Такой встречи у меня больше не было ни с детьми, ни со взрослыми. Наверное, я
изменил себе, от себя такого ушел, возможно… Но мне очень хочется оправдать то
детское ко мне отношение. Я укреплялся духом, когда вспоминал тот ребячий хор.
Человек счастлив любовью других к себе, это верно. Вот пишу я, спустя многие годы, а
в душе так и звенит прощальный клич, гром, грай тех детей в пионерском лагере сорок
четвертого года.
17
Высокий прочный забор, огромные зелёные ворота, на них белилами пропеллер,
звезда и крылья. Отныне моя эмблема. У ворот часовой с винтовкой. Мой часовой.
Сюда мы пришли из военкомата, разномастно одетые, весёлые и чубатые, 60 будущих
соколов. Половина городских, половина сельских из Токмака и Беловодска, из Кзыл-
Аскера и Карабалтов. С Лилей мы простились в лагере, а дома я попросил меня не
провожать – пойду один. Утром сели за стол отец с матерью, Зоя, Валя и я. У порога
стоял отцовский вещмешок. Кстати сказать, всей семьёй, впятером, мы жили
урывками, совсем недолго. Годами не было отца, теперь вот не будет сына. На столе
свёкла с тыквой и по ложке патоки. Сладкой-пресладкой, как моя жизнь дома. Выпили
по чашке чая, отец поднялся, разобрал костыли, развернулся лицом к старой иконе в
углу, перекрестился.
«Ну, иди, сынок, служи верой и правдой, как твой отец служил, как твои деды
служили. Товарищей выручай, отца с матерью не позорь».

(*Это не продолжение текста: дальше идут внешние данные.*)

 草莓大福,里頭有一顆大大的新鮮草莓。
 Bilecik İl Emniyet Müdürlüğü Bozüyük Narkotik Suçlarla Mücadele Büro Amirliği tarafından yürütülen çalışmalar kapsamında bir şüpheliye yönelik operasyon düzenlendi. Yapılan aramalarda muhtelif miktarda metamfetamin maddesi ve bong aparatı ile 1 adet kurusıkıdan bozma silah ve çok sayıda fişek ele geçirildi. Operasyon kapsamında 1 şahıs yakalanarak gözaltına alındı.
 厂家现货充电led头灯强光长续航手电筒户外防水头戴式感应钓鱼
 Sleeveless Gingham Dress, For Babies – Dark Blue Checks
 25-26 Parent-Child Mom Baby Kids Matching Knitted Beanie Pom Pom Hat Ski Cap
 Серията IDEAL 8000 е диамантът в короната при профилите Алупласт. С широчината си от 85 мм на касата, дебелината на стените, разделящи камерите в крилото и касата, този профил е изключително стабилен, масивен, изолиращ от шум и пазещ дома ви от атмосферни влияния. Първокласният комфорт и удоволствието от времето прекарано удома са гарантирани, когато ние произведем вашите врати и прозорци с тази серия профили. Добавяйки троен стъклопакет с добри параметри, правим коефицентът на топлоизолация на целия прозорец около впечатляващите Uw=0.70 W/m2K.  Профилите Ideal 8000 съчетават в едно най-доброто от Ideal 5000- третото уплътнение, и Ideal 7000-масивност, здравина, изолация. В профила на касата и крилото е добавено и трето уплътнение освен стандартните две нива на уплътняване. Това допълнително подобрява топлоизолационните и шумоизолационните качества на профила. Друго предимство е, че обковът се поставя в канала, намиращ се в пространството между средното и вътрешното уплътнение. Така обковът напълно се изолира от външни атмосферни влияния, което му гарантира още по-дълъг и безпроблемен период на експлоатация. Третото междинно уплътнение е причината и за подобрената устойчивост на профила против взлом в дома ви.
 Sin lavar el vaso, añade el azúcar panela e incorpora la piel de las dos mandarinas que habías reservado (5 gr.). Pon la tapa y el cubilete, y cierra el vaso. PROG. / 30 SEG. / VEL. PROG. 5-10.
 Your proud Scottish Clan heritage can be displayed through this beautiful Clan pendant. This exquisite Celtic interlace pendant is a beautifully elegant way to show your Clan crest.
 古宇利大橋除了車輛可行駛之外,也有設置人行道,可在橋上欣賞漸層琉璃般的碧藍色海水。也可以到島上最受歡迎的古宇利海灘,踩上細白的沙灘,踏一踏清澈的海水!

Я до сих пор не знаю, что такое «служи верой и правдой», только догадываюсь.
Проводили меня за ворота, стояли, махали, а я шёл по Ленинградской с вещмешком за
спиной, все видели, и вечером улица будет знать: ещё один вчерашний мальчик пошёл
на войну, уже двадцать седьмой год берут…

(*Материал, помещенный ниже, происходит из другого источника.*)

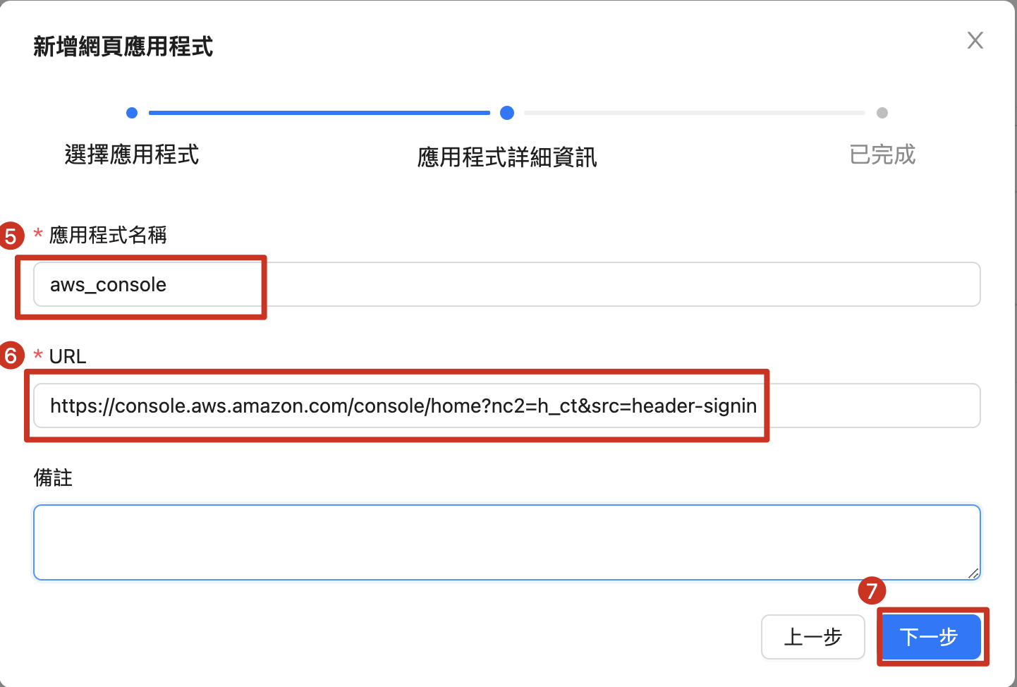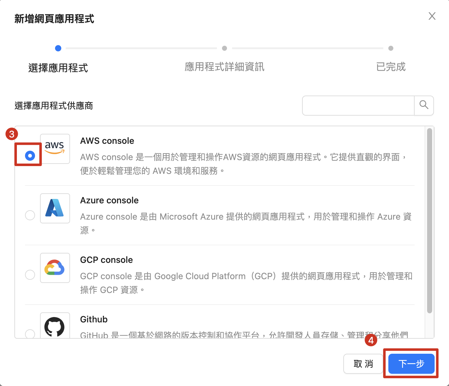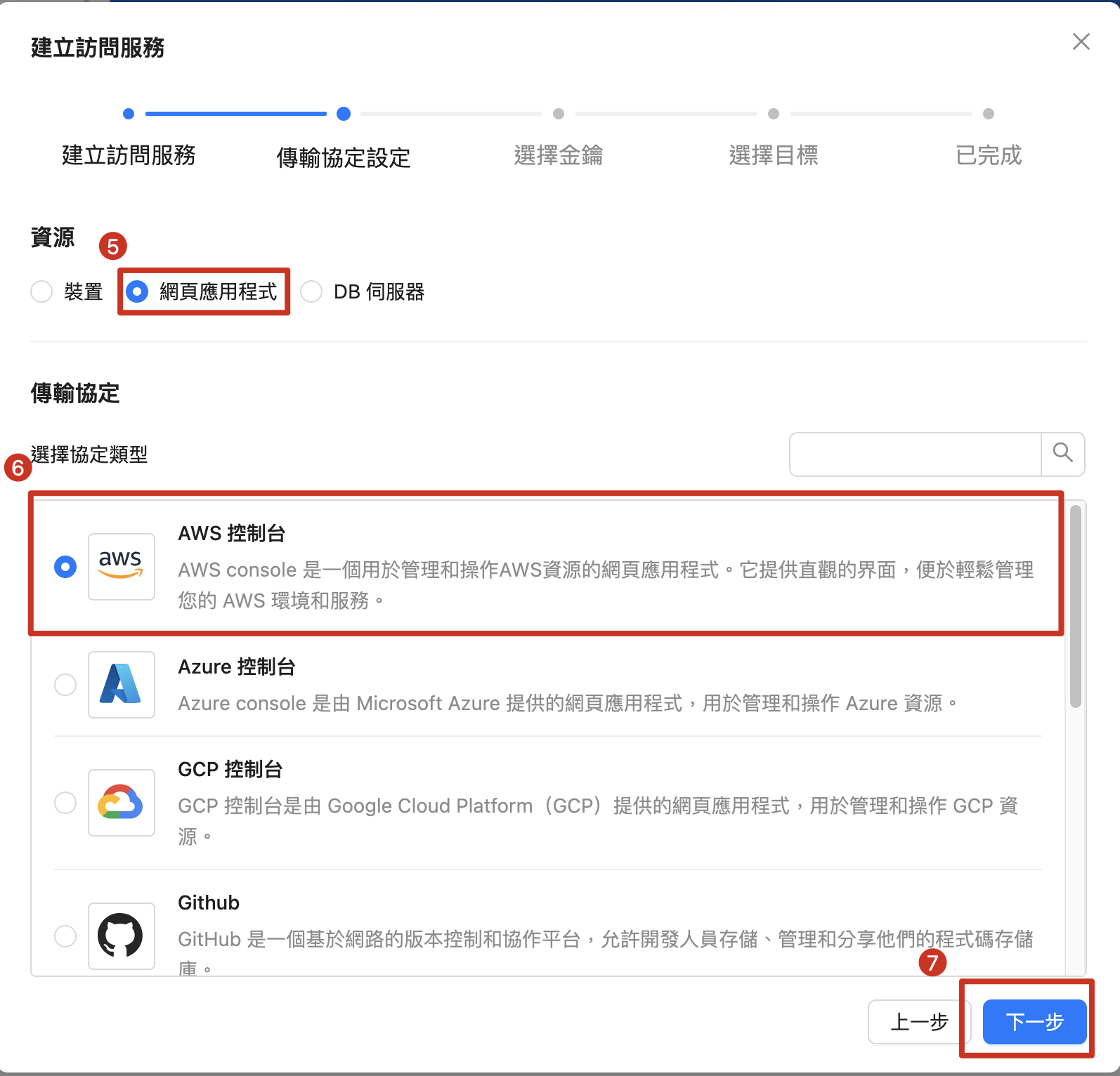 | 5. 資源類別 勾選「網頁應用程式」 6. 選擇應用程式供應商 AWS PS:這邊示範選擇AWS 7. 點擊 「下一步」 |

Часовой крикнул начальника караула, и нас пустили во двор. Вышел строгий
майор, объявил, мы отныне курсанты запасного авиационного батальона авиашколы
пилотов, и представил нам командира взвода, белокурого лейтенанта Смирнова. Он
сделал перекличку, причём не спеша, внимательно каждого оглядывал, затем
скомандовал: «Курсант Щеголихин, выйти из строя!» Я отчеканил два шага перед
собой и – кру-гом! – стал лицом к строю. «Назначаю курсанта Щеголихина моим
помощником. Все приказания его выполнять согласно устава дисциплинарной службы».
Я даже не удивился, всё расписано заранее, куда денешься. (В личном деле была
характеристика от Пролетарского райкома комсомола) Более полусотни совершенно
незнакомых парней, даже Пуциковичей нет, они слиняли в высшее военно-
политическое. С этой оравой я должен ладить, вникать в нужды, хлопотать о питании,
обмундировании, требовать дисциплины, порядка день за днём, месяц за месяцем. Но я
не пасую, я уже не рядовой с первого дня службы. Пришел парикмахер – носатый
армянин в белом халате, с машинкой, позвал всех в курилку, поставил табуретку возле
бочки с водой, жестом показал – садись, братва, не бойся. Однако никто не решался.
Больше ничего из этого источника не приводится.